25 November 2020

by Nooreen Ajmal

Covid 19 – terminating or delaying performance of contracts

The coronavirus pandemic has affected many contractual arrangements, from hospitality and tourism, to a variety of other global supply chains. Parties have therefore been exploring ways they might be able to either terminate their arrangements or delay performance. Two key areas of focus have been force majeure clauses and the doctrine of frustration.

Force majeure

Under English law, a party will only be able to rely on a force majeure clause if there is one in the contract.

Relying on force majeure clauses to terminate contracts or delay performance is not easy. Much will depend on what the clause actually says and courts tend to take a strict approach to interpreting these clauses.

First to consider, is whether Covid-19 is actually within the scope of the definition of “force majeure”. Use of words like “disease”, or “epidemic” within the definition are likely to cover Covid-19. Use of the terms “act of God” or “events beyond a party’s reasonable control” may also suffice. However, the exact words and whether lists of included events are to be interpreted as exhaustive or non-exhaustive must be carefully considered in each case.

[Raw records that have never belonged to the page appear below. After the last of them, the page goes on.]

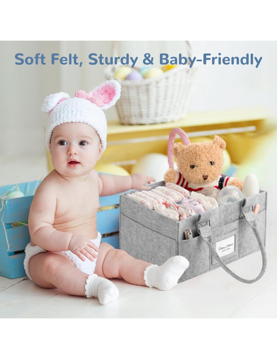 - Característica especial: Versátil y Multifuncional: Canasta de Regalo Vacía, Regalo para Baby Shower, Organizador de Pañales, Contenedor de Juguetes, Canasta de Manualidades, Construcción Duradera y Resistente, Ligera y Portátil, Estilosa y Moderna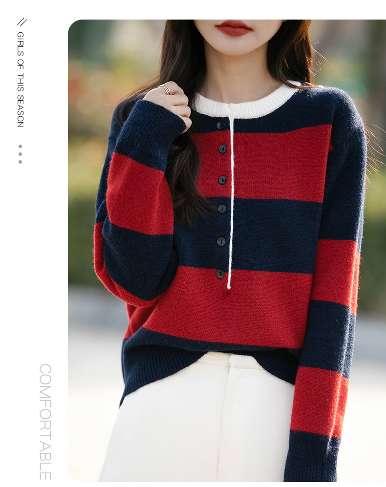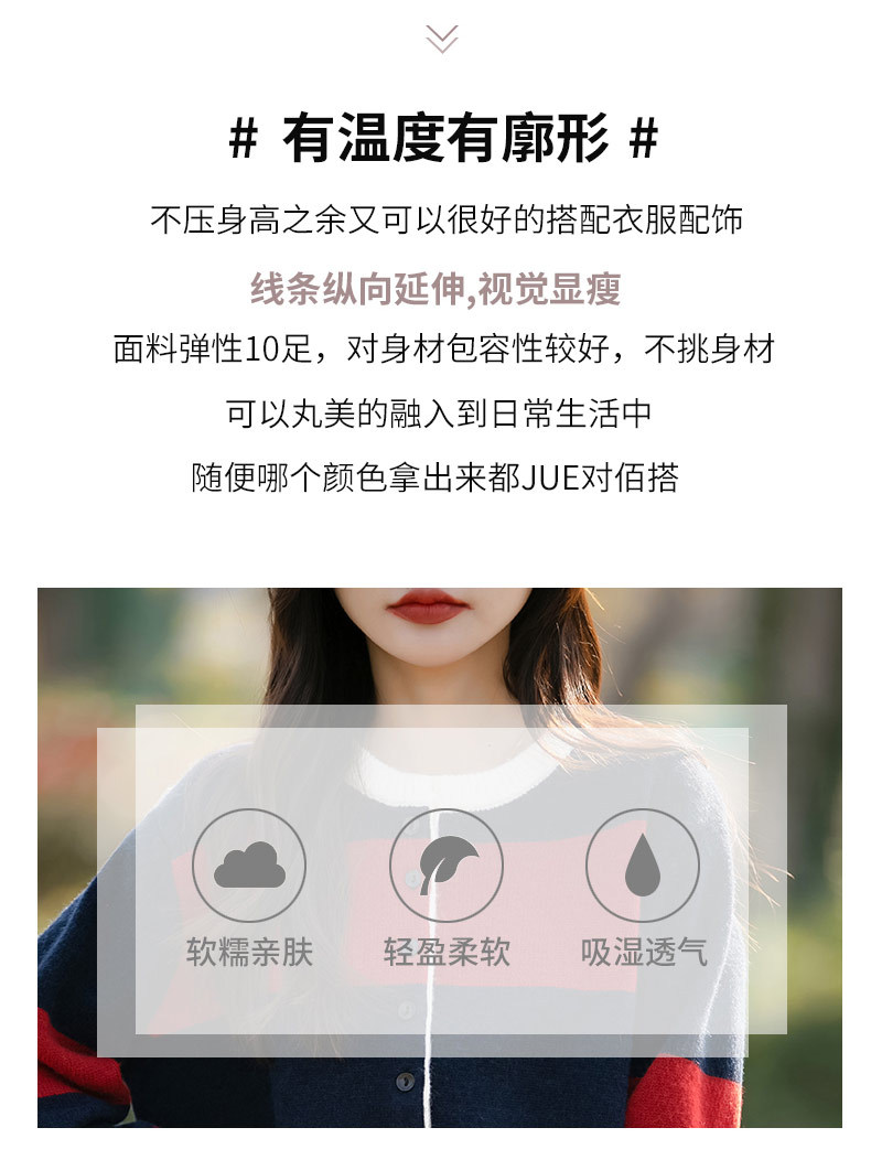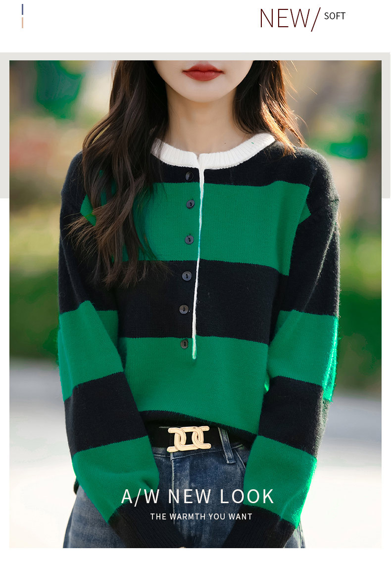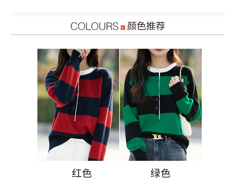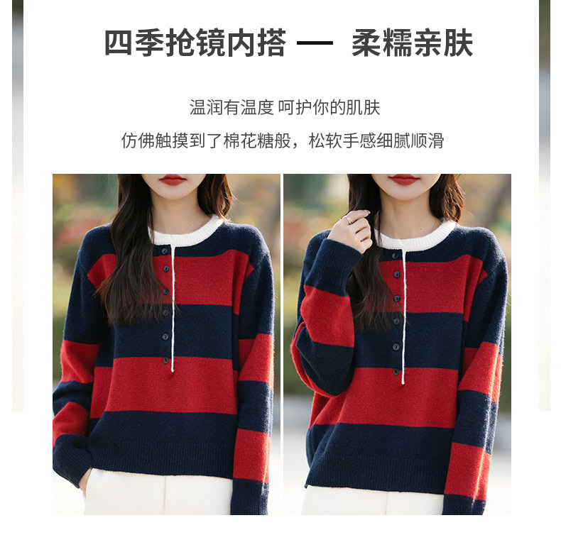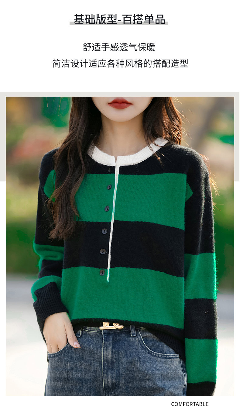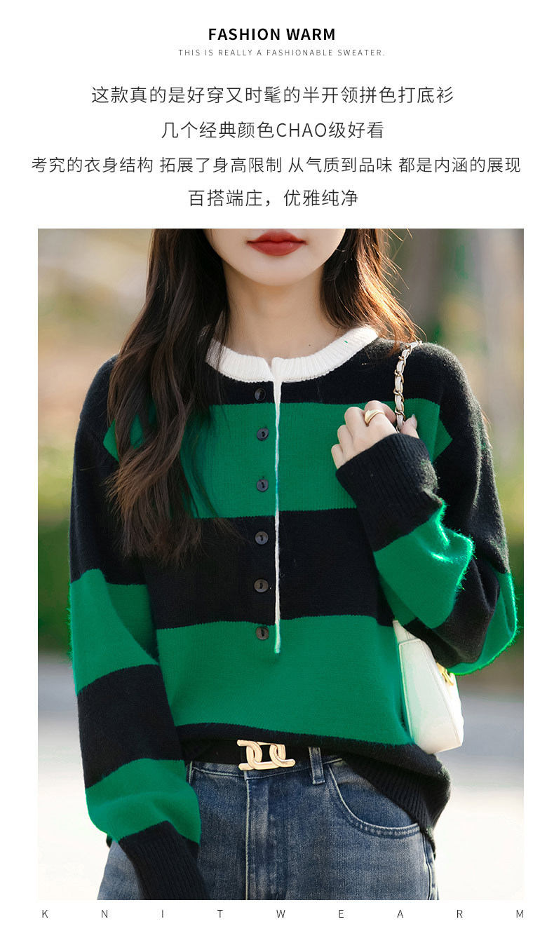 QHJY-JY8188新款条纹半开襟长袖针织衫上衣圆领安迪绒打底毛衣大码女装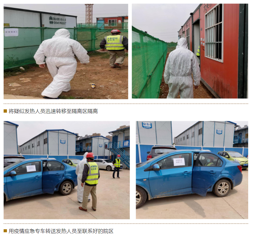本次演練現(xiàn)場模擬一例疑似發(fā)熱患者,從被發(fā)現(xiàn)到應(yīng)急處理的全過程。演練內(nèi)容包括情況上報(bào)、項(xiàng)目應(yīng)急預(yù)案啟動(dòng)、緊急隔離、送醫(yī)、現(xiàn)場消毒等環(huán)節(jié)。整個(gè)演練過程緊張有序、防疫物資標(biāo)準(zhǔn)齊全、保障到位,參加演練人員反應(yīng)迅速、配合默契、職責(zé)明確,達(dá)到了預(yù)期效果。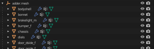 Notice how each object represents a separable part of the vehicle. Since it's split by vertex group, each object will only have one vertex group.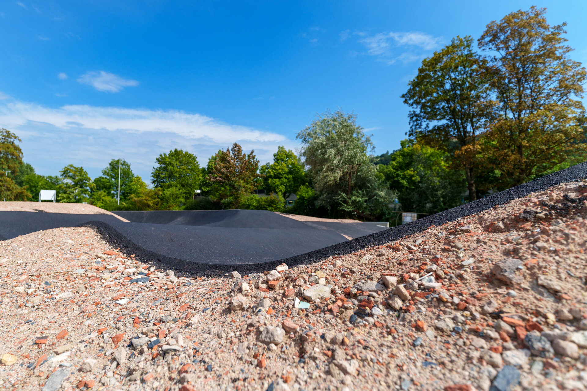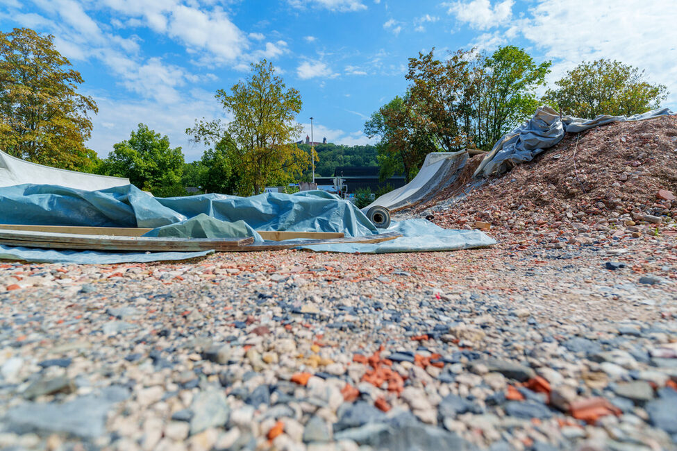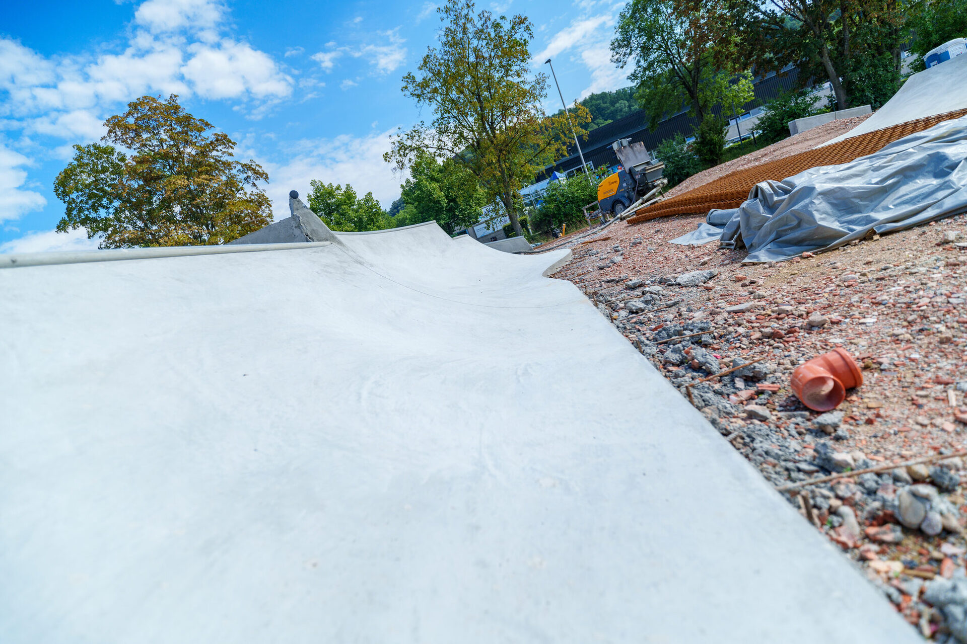 Zwei Spezialfirmen haben den Skatebereich und den Pumptrack fertig geformt. Wenn die Sommerpause Ende August beendet ist, rückt der Landschaftsbau an. Dann wird nicht nur die Erde verschwinden. Diese Firma wird auch das Basketballfeld errichten und den Platz für die Parcourhindernisse vorbereiten.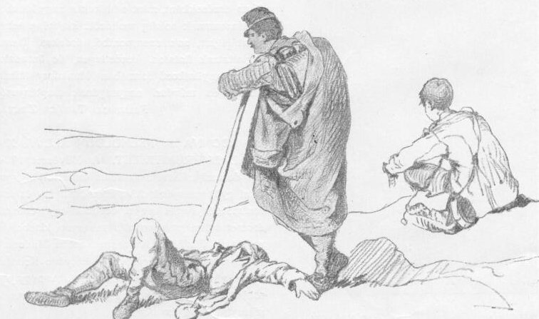 Elöl a jobb és balsarokban s kissé hátrább a középen elesett, sebesült és az utóbbiakat támogató katonák. A középső csoportban kettőről meg is állapítható, hogy pirossapkás. A rajzok mutatják, hogy a többieket is, ha — nem is mind, de túlnyomó nagy részben — honvédeknek képzelte a művész.

Second, has the force majeure event actually hindered or delayed performance of the contract? The argument that Covid-19 has made performance more expensive or difficult will not be enough. A party wanting to rely on force majeure will have to show how exactly it has affected performance.  It may only be certain aspects of performance that have been affected, so there is still an obligation to perform unaffected parts; and

Third, has the party relying on the event taken reasonable steps to avoid or mitigate the consequences?  Many force majeure clauses require the parties relying on them to mitigate the impact of the event. Generally, English Law implies a duty on the party relying on force majeure to mitigate the loss.

Further, there may also be provisions in the force majeure clause which prevent a party relying on it where there has been a failure to carry out certain other obligations, such as disaster recovery and business continuity.

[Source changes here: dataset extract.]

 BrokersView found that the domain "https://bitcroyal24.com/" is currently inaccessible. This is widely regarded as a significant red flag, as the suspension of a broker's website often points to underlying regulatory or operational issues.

Whilst the force majeure clause may allow a party to rely on it to delay performance, the right to terminate will depend on whether it further allows for termination resulting from force majeure.  The parties will have to look closely at the provisions of the clause and ensure the correct notice is provided.

There is a real need for careful analysis of a force majeure clause before it can be relied on – a failure to do this could risk  the party attempting to terminate, being found in breach of the contract and in turn liable to pay damages.

Frustration

Without a force majeure clause, the only other route available to try to escape performance is to rely on the doctrine of frustration. Frustration allows a contract to end when an unforeseen event happens that makes performance of the contract impossible to fulfil. The contract is ‘frustrated’ and treated as discharged by automatic operation of law. This means there is no need to perform future obligations and so parties to a frustrated contract cannot claim damages from one another for non-performance.

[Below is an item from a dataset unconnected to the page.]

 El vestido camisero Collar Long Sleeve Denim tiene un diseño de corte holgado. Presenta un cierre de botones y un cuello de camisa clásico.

But satisfying the test for frustration is not easy. A party will need to show:

  • The event causing frustration happened after the contract was formed;
  • The event is not the fault of either party;
  • The event is something beyond the contemplation of the parties at the time they entered the contract and the event is so fundamental it goes to the heart of the contract; and finally
  • The event makes performance of the contract impossible, illegal or fundamentally different from what the parties contemplated at the time they entered it.

In considering whether the criteria have been met, much will depend on the individual circumstances of the case and the background. Clearly, demonstrating something was not in the contemplation of the parties at the time they entered the contract is a key obstacle.

It will not be enough for the event to merely have made the contract more difficult or costly to perform or that it has delayed performance – the event must make performance impossible.

Therefore, a party will have to carefully consider the contract terms and the facts before proceeding with invoking frustration.  A failure to do this properly, could result in the counterparty claiming it was wrongfully asserted, and that this amounts to a repudiatory breach of the contract.